幸せそうな妊婦さんが羨ましかったのは、妊娠中はもちろんそうだったけれど、すでに過去のこととなったこの期に及んでも元気な妊婦さんが恨めしいのです、私は。

『きみは赤ちゃん』を読みながらも、「いやいや、川上さんなんだかんだ言って仕事もちゃんとやれてるじゃん」と嫉妬の炎を燃やしている私がいるのです。こわい。怨念の塊。

もう終わったんだからいいじゃん。落ち着けよ、私。

妊娠も出産も大変なことには違いがなくて、それはべつに誰かと比較することでもありません。(頭ではちゃんとわかっています)

ギリギリ耐えられるレベルの体調不良を背負って仕事を続けるのだって(←川上さんみたいにね。そしてたぶん多くの仕事をしている妊婦さんもそう)、ベッドで点滴を打って寝たきりになる(←私とか)とはまた違ったキツさ、困難が、あるに違いないのです。

みんな違って、みんなキツい。

分かっちゃいるけど、「ふふん、私の方が大変だったなぁこりゃあ」と思いながら読み進める自分がいて、なんて嫌なやつなんだあたしゃ……、と呆れてしまいました。

いやほんと、呆れてものも言えません。

まだまだ人間として未熟だやれやれ。

川上さんの文才に笑わせていただきそして感動で涙をにじませながらも、時折ひょっこり顔を出す己の醜い部分を目の当たりにし、心底自分のことが嫌になったのでした。

エッセイを読むと他者の人生の追体験ができる

私が妊娠出産エッセイを読むのはこの『きみは赤ちゃん』が二冊目です。

一冊目は妊娠中に読んださくらももこ先生の『そういうふうにできている』でした。

どちらも帝王切開にて出産を体験された方のエッセイです。

私は経膣分娩(普通分娩とか通常分娩ともいうけれどあんな痛みが襲ってくるのに普通だなんてたまったもんじゃない。どう考えても普通じゃない。異常事態。非常事態。緊急事態を声高らかに宣言したい。全分娩をママたちみんなめちゃ頑張ってるえらいえらすぎるよ!えらい分娩!!!としてくれ)で出産をしたので、帝王切開について詳細に記されている二冊のエッセイを読み、たいへん勉強になりました。

私が出産した産院には2階に新生児室や授乳室があり、帝王切開で出産したママたちは移動距離が短くて済むよう同じく2階に入院していました。経膣分娩のママたちは基本的に3階に入院することになっていました。

このことからも、帝王切開での出産がいかに体に大ダメージを与えるものなのかよ~~く分かります。

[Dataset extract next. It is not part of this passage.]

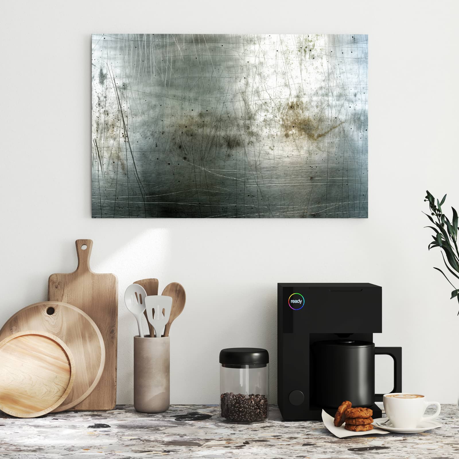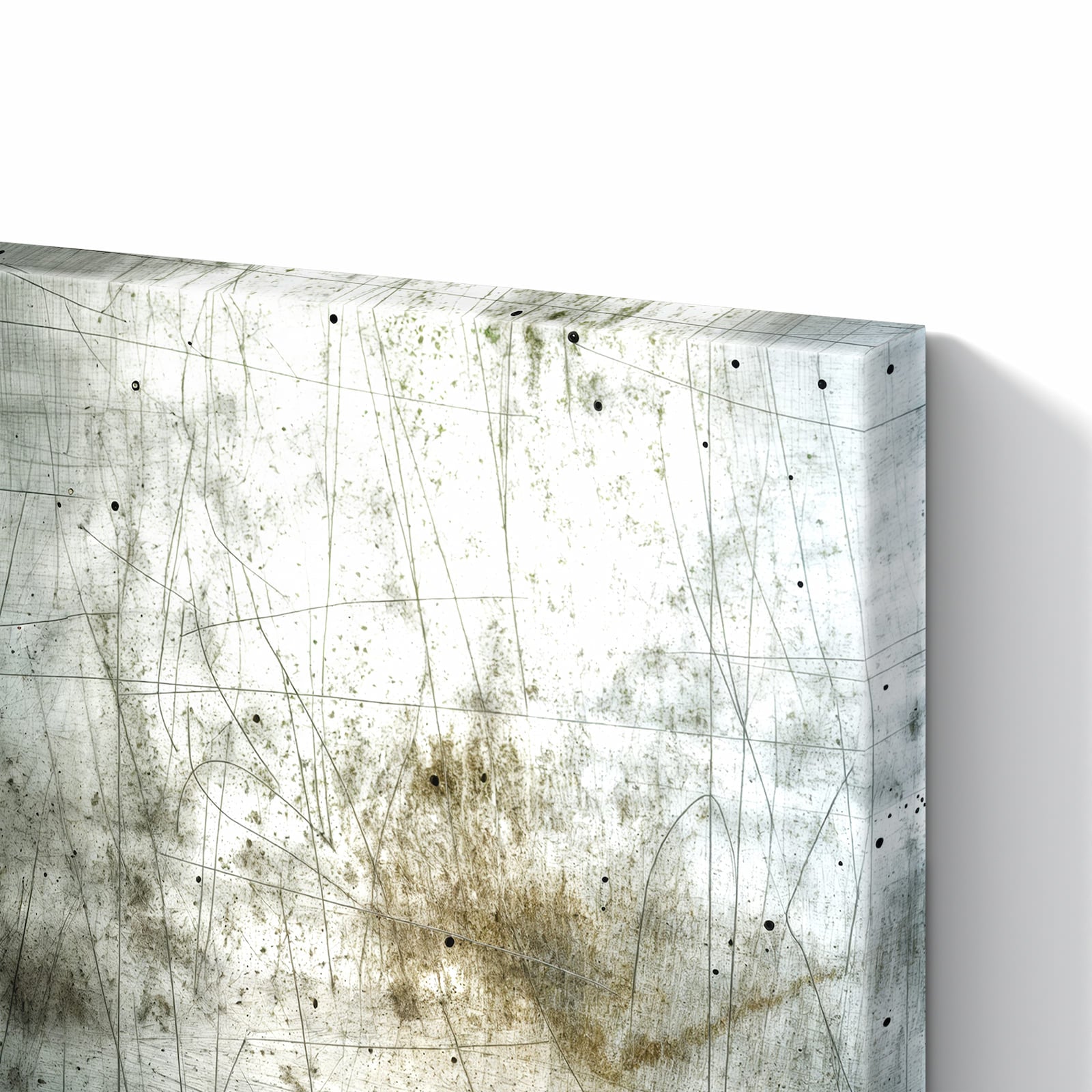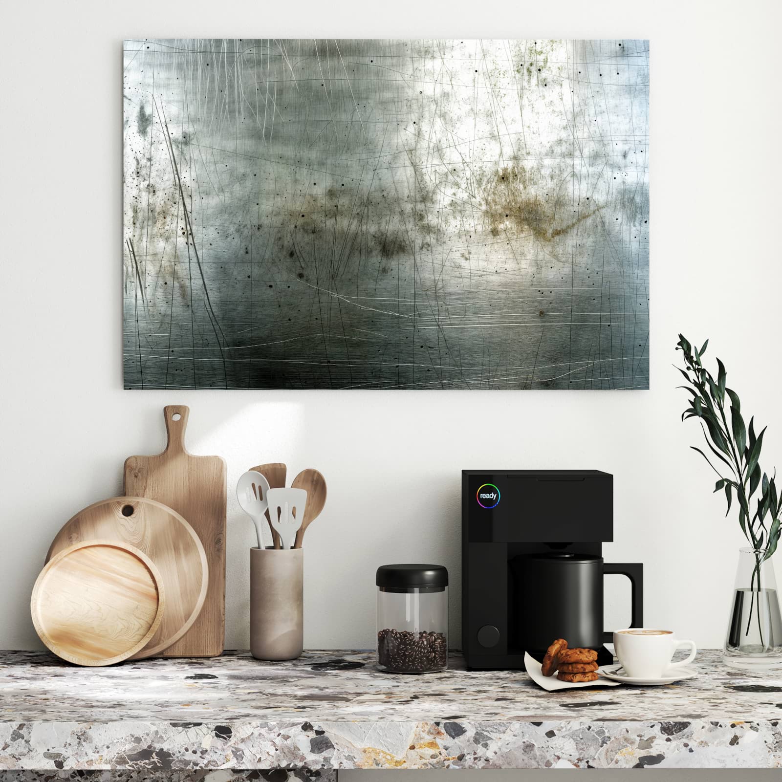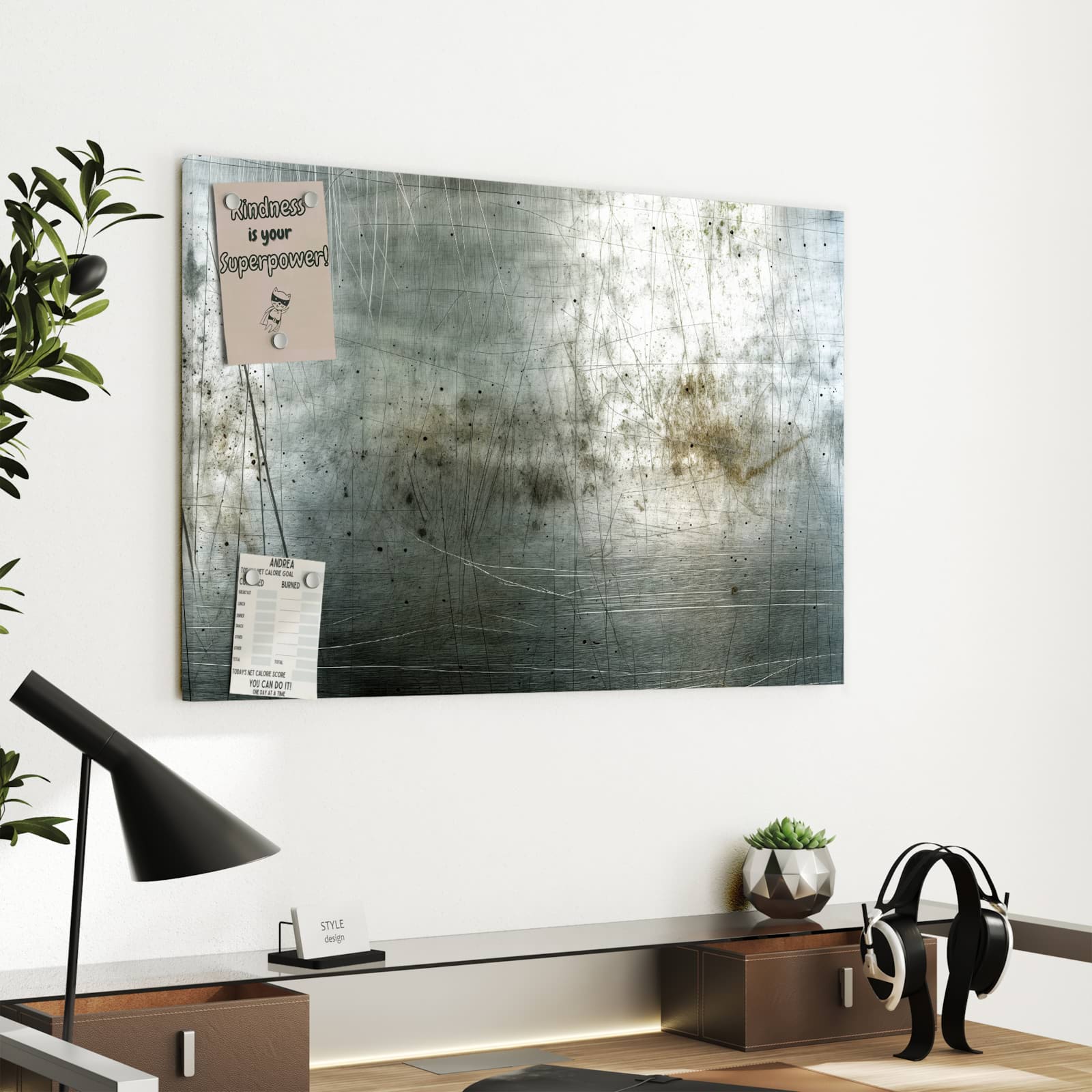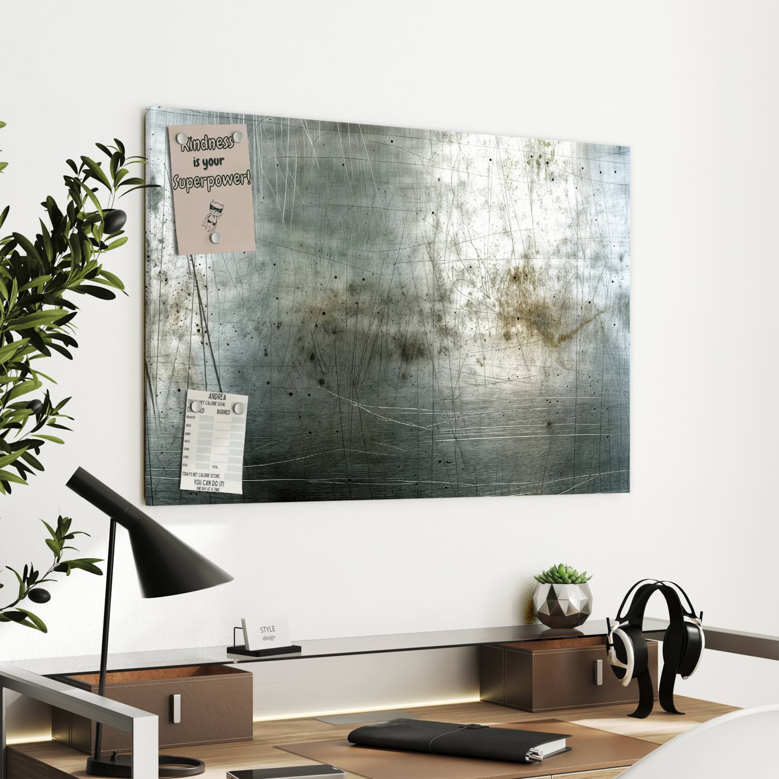 Kratzer und feine Linien zieren eine metallische Oberfläche in kühlen Grautönen mit vereinzelten rostfarbenen Flecken. Die industrielle Vintage-Ästhetik verleiht einem Whiteboard einen raumhaft-markanten Charakter, der Räume mit urbanem Charakter veredelt.

川上未映子先生もさくらももこ先生もエッセイ内で「切腹」という表現をされていましたが、まさに腹を切る。帝王切開は切腹以外のなにものでもなく、未経験である私はお二人のエッセイを読み想像することしかできないのですが、出産というのは極めて命がけの行為であるのだということを再認識しました。

さらに興味深かったのは無痛分娩についてです。

無痛っていうからには痛くもなんともないのだろうと思う方もいらっしゃるかもしれませんが、背中に管をぶっ刺してそこから麻酔をちゅーちゅー注入するのだそうです。ふつうに怖くないか?

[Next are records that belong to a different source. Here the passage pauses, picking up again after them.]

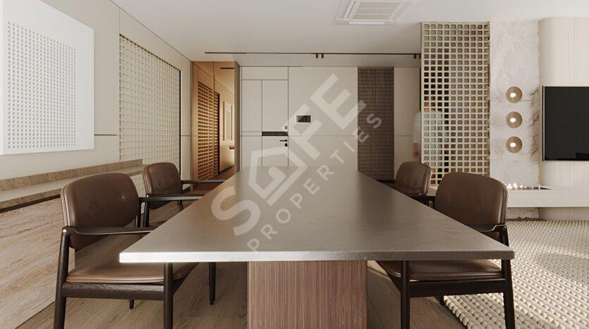 The complex spans 15 floors, including a ground floor, mezzanine, and 14 residential levels. La Mare also includes 13 commercial units situated across select basement, ground, and mezzanine levels, providing convenient shopping options for residents. Each apartment is equipped with modern heating via a combi boiler and air conditioning to ensure year-round comfort. Floor-to-ceiling windows maximize natural light and showcase the stunning sea views.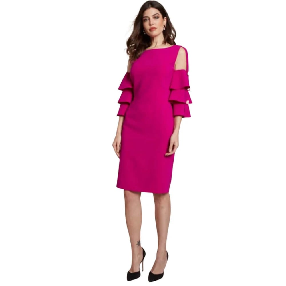 Moskada, Kjoler , Dame, Lilla, L, Uld, Elegant Dagskjole med Gennemsigtige Detaljer og Rynkede Ærmer - Størrelse 44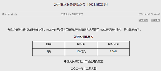 2021年12月9日,中国央行今日开展100亿元逆回购操作,因今日有100亿元逆回购到期,当日实现零投放零回笼。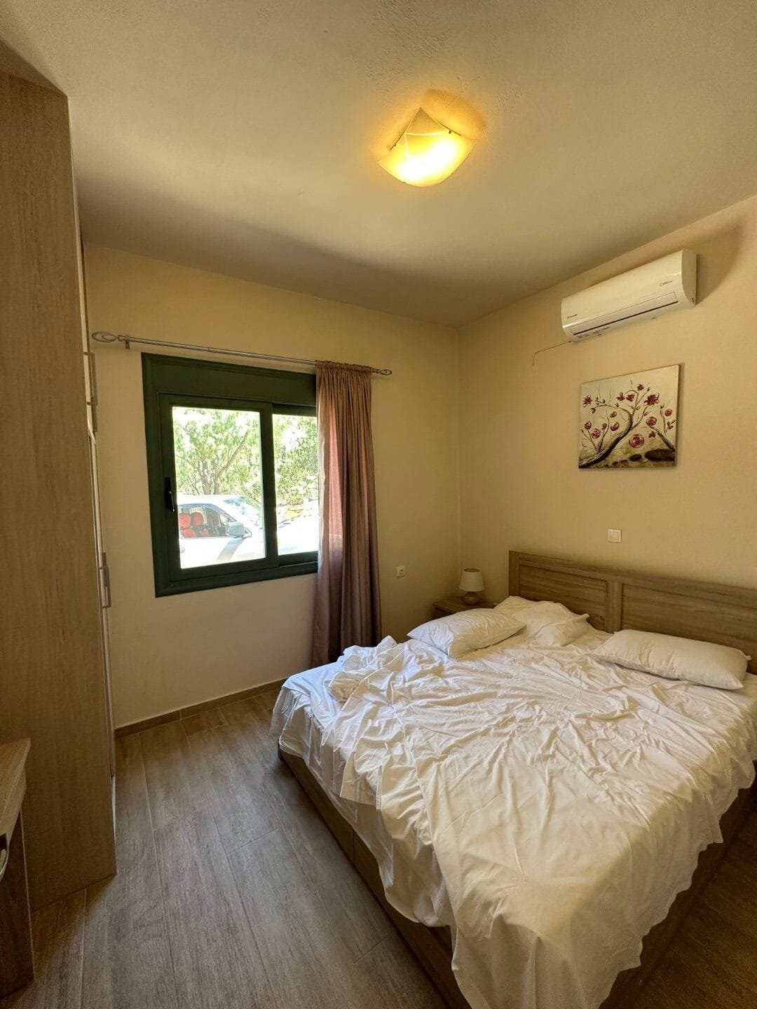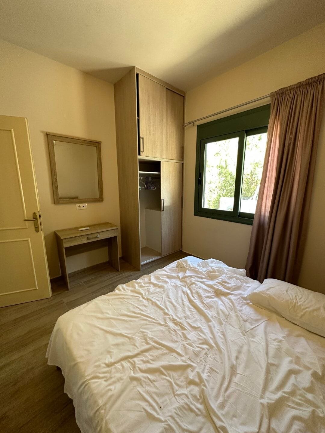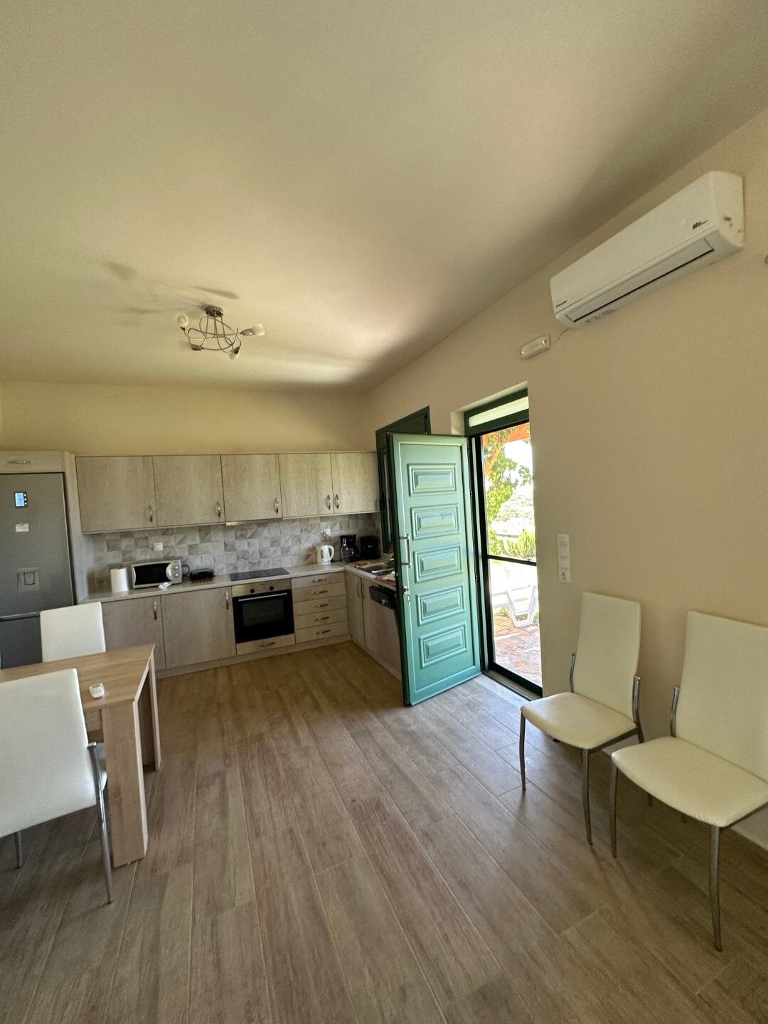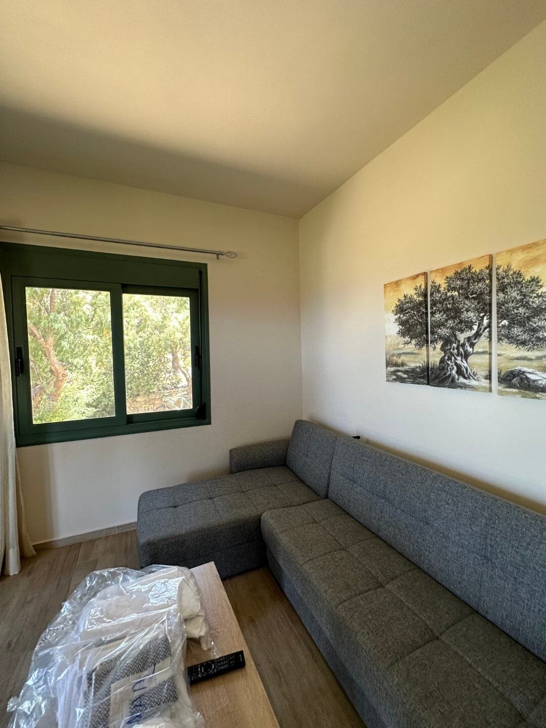 A house with a total surface area of 75 square meters is available for monthly rent in the Triopetra area. The house features a spacious open-plan living room and kitchen with a dining area that is fully furnished and equipped with electrical appliances. It comprises of two bedrooms with fitted wardrobes – one featuring a double bed and the other, two single beds – both equipped with large windows for natural light. The house also has a spacious bathroom with a shower and washing machine.

日本ではメジャーな出産方法ではないので懐も大打撃を食らうこと間違いなしです。まあお金持ちなら別に100万かかろうが200万かかろうが豪華な産院に入院しようが痛くもかゆくもないのでしょうけれども……(←これまた棘棘の発言。笑)

とにかく、私は経験したことがないようなことがたくさん書かれていて、陳腐な言い回しではありますが、視野が広がりました。学びの連続でした。

気持ちを形にして残しておこう

そのときどきの感情って人は案外すぐに忘れてしまうもので、こんな感じで出産進んだなぁ~とか、毎日がんばって夜間授乳していたなぁ~とか、そんなことは事実として記憶していますが、自分自身の細かな気持ちの動きというのまでは実はあまり覚えていなくて、なので文章でもなんでもいいから形に残しておくことは大切なことだと思いました。

川上未映子先生のように泣ける笑える素敵なエッセイを書くことはできませんが、noteにでもスマホのメモ帳にでもそのへんの紙切れにでもいいから、ちょっとずつ記録をしていこうと決意しました。

この文章も10年後の私が見たら「間抜けだなぁ」と笑っているかもしれませんね。さすがに36歳になったなら、元気な妊婦さんに嫉妬するような器の小さな人間からは卒業していてくれることを祈るばかりです。